- [EXERCISE INSTRUCTIONS]
A copy of the listing below is needed, exact in every line and without images.

- [COLLECTED DATA]
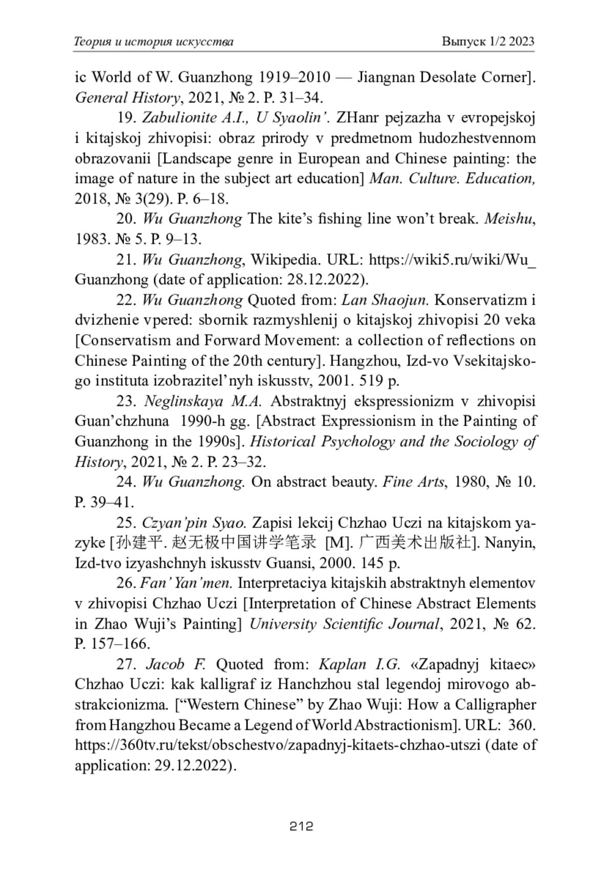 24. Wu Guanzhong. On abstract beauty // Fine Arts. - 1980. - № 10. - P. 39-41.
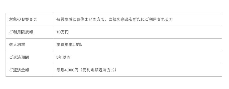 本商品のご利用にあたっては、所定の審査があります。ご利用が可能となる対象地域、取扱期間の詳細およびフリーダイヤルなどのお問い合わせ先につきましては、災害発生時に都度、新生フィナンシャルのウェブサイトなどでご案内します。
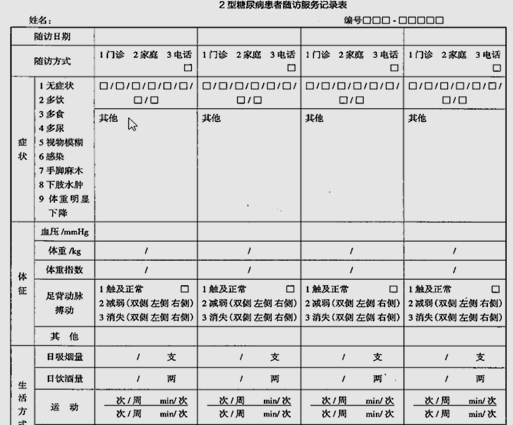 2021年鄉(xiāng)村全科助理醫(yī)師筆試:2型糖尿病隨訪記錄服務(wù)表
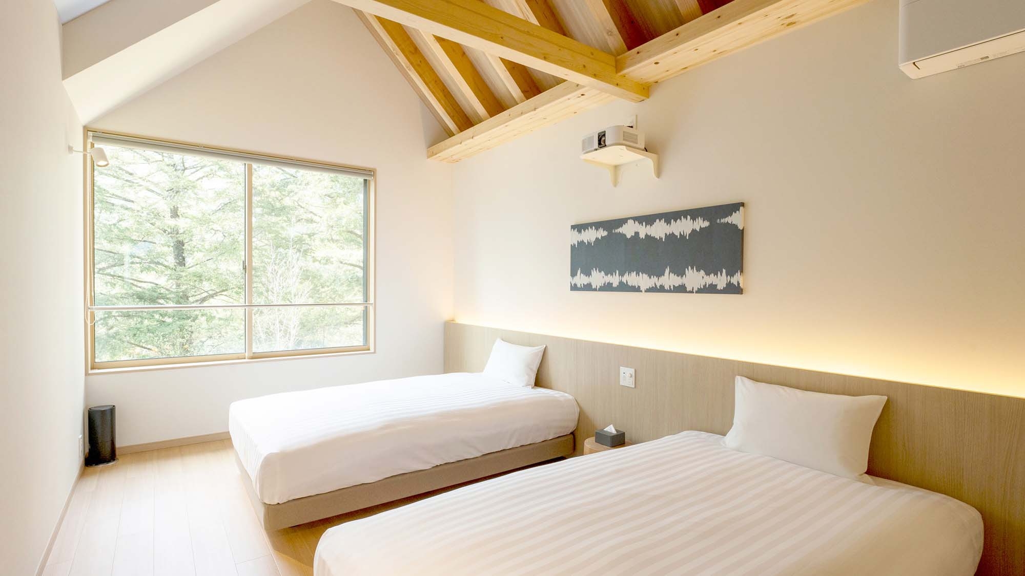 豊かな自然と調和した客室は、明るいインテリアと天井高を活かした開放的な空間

- [ANSWER]
 24. Wu Guanzhong. On abstract beauty // Fine Arts. - 1980. - № 10. - P. 39-41.
 本商品のご利用にあたっては、所定の審査があります。ご利用が可能となる対象地域、取扱期間の詳細およびフリーダイヤルなどのお問い合わせ先につきましては、災害発生時に都度、新生フィナンシャルのウェブサイトなどでご案内します。
 2021年鄉(xiāng)村全科助理醫(yī)師筆試:2型糖尿病隨訪記錄服務(wù)表
 豊かな自然と調和した客室は、明るいインテリアと天井高を活かした開放的な空間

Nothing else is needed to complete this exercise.